3.5.3 SQL Basics

SQL Table Join Relationship Diagram

Learning Objectives

Master the four basic SQL operations: create, read, update, delete
Use SELECT queries fluently
Learn WHERE condition filtering
Master JOIN for combining multiple tables
Understand GROUP BY for grouped aggregation

First, Build a Map

The best way for beginners to understand SQL is not to “memorize the syntax book from start to finish,” but to first see clearly:

flowchart LR
    A["SELECT what to choose"] --> B["FROM which table"]
    B --> C["WHERE what to filter first"]
    C --> D["GROUP BY how to group"]
    D --> E["ORDER BY how to sort last"]

So what this section really wants to solve is:

How SQL queries actually flow in your head
Why it corresponds to Pandas filtering, grouping, and merging

What Is SQL?

SQL (Structured Query Language) is the language used to “talk” to databases. Whether you use SQLite, MySQL, or PostgreSQL, the SQL syntax is basically the same.

flowchart LR
    A["You (human)"] -->|"Write SQL"| B["Database engine"]
    B -->|"Return results"| A

    style A fill:#e3f2fd,stroke:#1565c0,color:#333
    style B fill:#e8f5e9,stroke:#2e7d32,color:#333

A Better Analogy for Beginners

You can think of SQL as:

You asking the database questions

And these questions are usually very straightforward:

Which columns do I want?
Which rows do I want?
How should I group them?
How do I connect two tables?

This analogy is especially useful for beginners because it pulls SQL back from “another language” into “how do I ask the table questions?”

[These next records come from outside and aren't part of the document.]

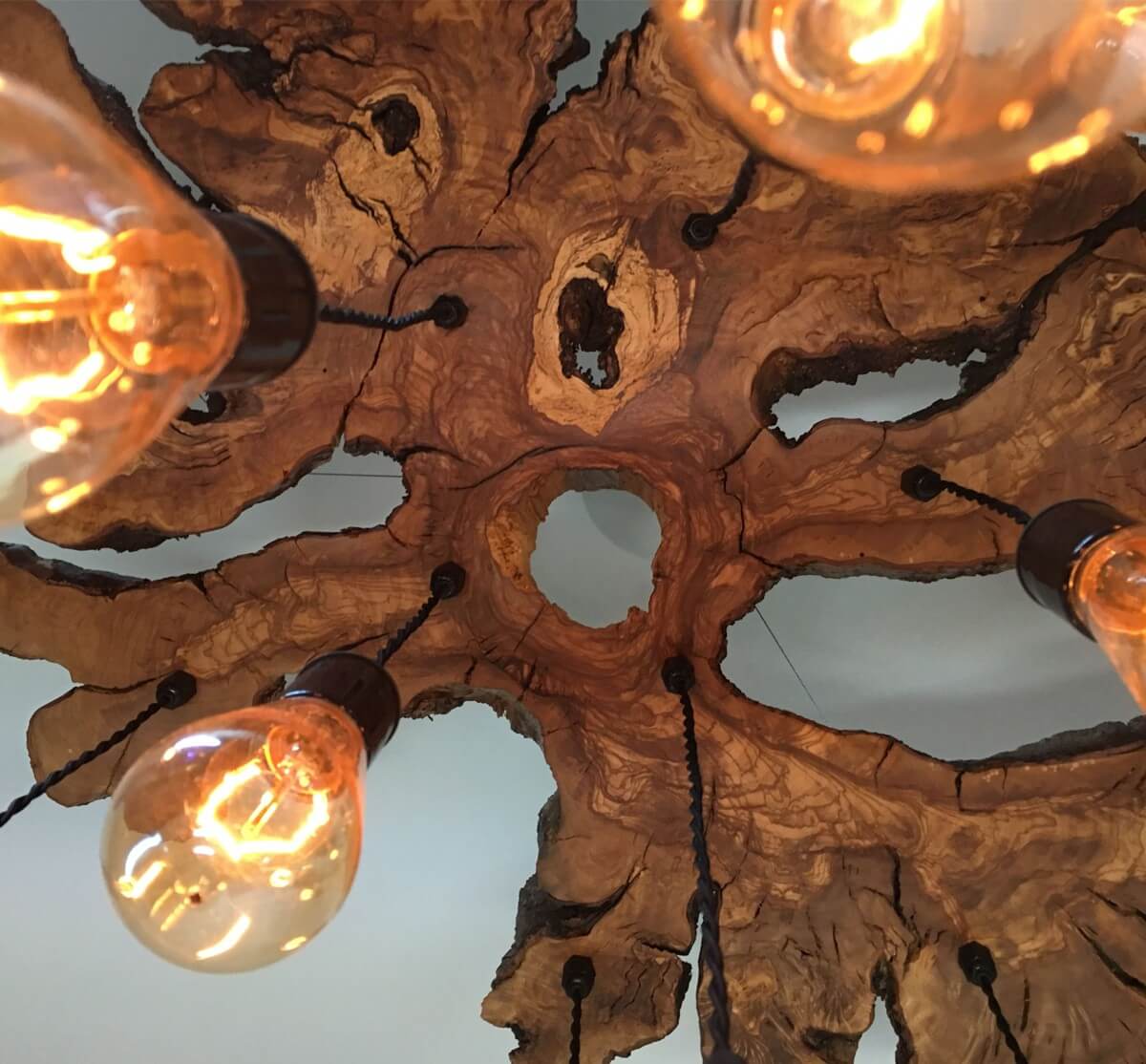 Zeytin ağacı kökünden yapılmış 6 ampüllü 50cm x 80cm tavan lambası
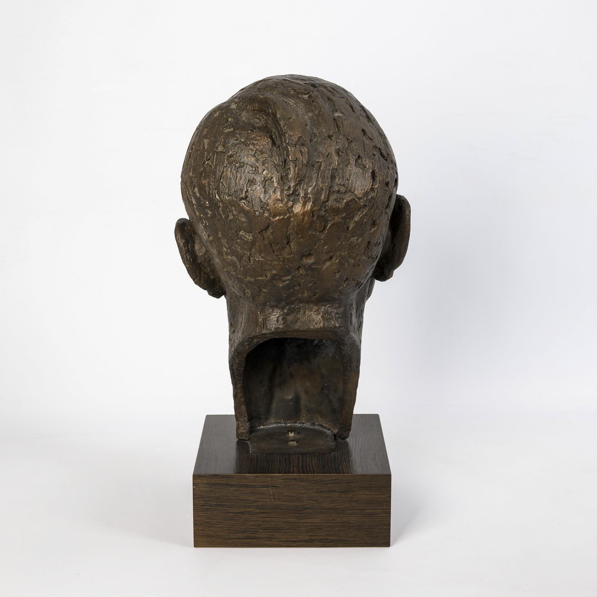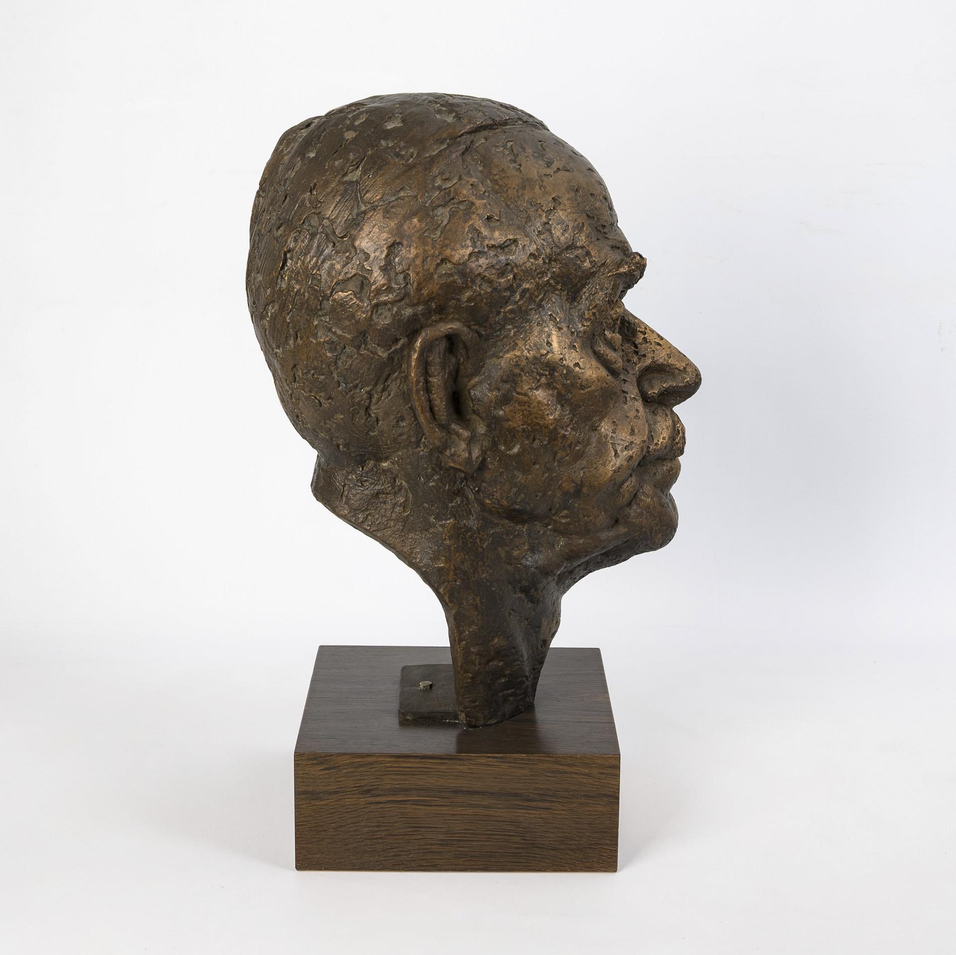 Der Schriftsteller Thomas Mann wird in dieser bronzenen Porträtbüste mit stark modellierten, markanten Gesichtszügen und sehr lebendiger Oberflächenstruktur gezeigt. Patina minimal berieben.
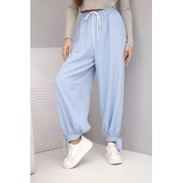 Dámské kalhoty s širokým model 22018656 a zavazováním dole modré - K-Fashion
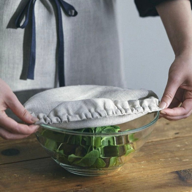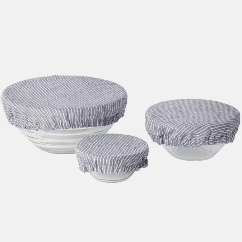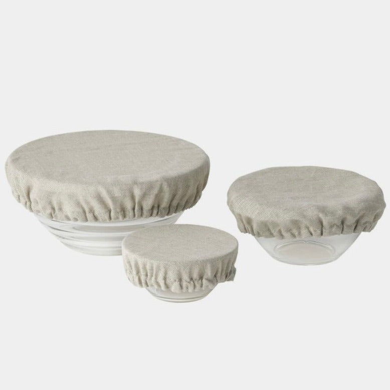 A set of three bowl covers made with linen fabric and elasticized around the edge to fit over your bowls. An eco-friendly and sustainable alternative to plastic wrap, these will be at home in any kitchen. Each set contains one small, one medium and one large cover.

Preparation: Create a Practice Database

All examples in this section are based on this practice database. Please run the following first:

import sqlite3

conn = sqlite3.connect(":memory:")  # In-memory database, disappears when closed
cursor = conn.cursor()

# Create users table
cursor.execute("""
    CREATE TABLE users (
        id INTEGER PRIMARY KEY,
        name TEXT NOT NULL,
        age INTEGER,
        city TEXT,
        salary REAL
    )
""")

# Create orders table
cursor.execute("""
    CREATE TABLE orders (
        order_id INTEGER PRIMARY KEY,
        user_id INTEGER,
        product TEXT,
        amount REAL,
        order_date TEXT,
        FOREIGN KEY (user_id) REFERENCES users(id)
    )
""")

# Insert user data
users_data = [
    (1, "Alice", 28, "Beijing", 15000),
    (2, "Bob", 35, "Shanghai", 22000),
    (3, "Charlie", 22, "Guangzhou", 8000),
    (4, "Diana", 42, "Beijing", 35000),
    (5, "Ethan", 30, "Shanghai", 18000),
    (6, "Fiona", 26, "Shenzhen", 12000),
]
cursor.executemany("INSERT INTO users VALUES (?, ?, ?, ?, ?)", users_data)

# Insert order data
orders_data = [
    (101, 1, "iPhone", 7999, "2024-11-01"),
    (102, 1, "AirPods", 999, "2024-11-05"),
    (103, 2, "MacBook", 14999, "2024-11-10"),
    (104, 3, "iPad", 3999, "2024-11-15"),
    (105, 2, "Keyboard", 599, "2024-11-20"),
    (106, 4, "Monitor", 2999, "2024-12-01"),
    (107, 5, "Mouse", 299, "2024-12-05"),
]
cursor.executemany("INSERT INTO orders VALUES (?, ?, ?, ?, ?)", orders_data)

conn.commit()

# Define a helper function for easier querying
def query(sql):
    cursor.execute(sql)
    cols = [desc[0] for desc in cursor.description]
    rows = cursor.fetchall()
    # Print header
    print(" | ".join(cols))
    print("-" * (len(" | ".join(cols))))
    for row in rows:
        print(" | ".join(str(v) for v in row))
    print()

Query Data (`SELECT`)

SELECT is the most commonly used SQL statement. It is used to retrieve data from tables.

Basic Queries

-- Query all columns
SELECT * FROM users;

-- Query specific columns
SELECT name, age, city FROM users;

-- Give columns aliases
SELECT name AS name, age AS age FROM users;

query("SELECT * FROM users")
# id | name | age | city | salary
# 1 | Alice | 28 | Beijing | 15000
# 2 | Bob | 35 | Shanghai | 22000
# ...

`DISTINCT`: Remove Duplicates

-- Query all unique cities
SELECT DISTINCT city FROM users;

`LIMIT`: Limit the Number of Rows

-- Take only the first 3 rows
SELECT * FROM users LIMIT 3;

The Safest Default Order When Writing Your First Query

A more reliable order is usually:

Write SELECT first
Then write FROM
Then decide whether to add WHERE
Finally add sorting and grouping

This is less confusing than trying to mix all clauses together right away.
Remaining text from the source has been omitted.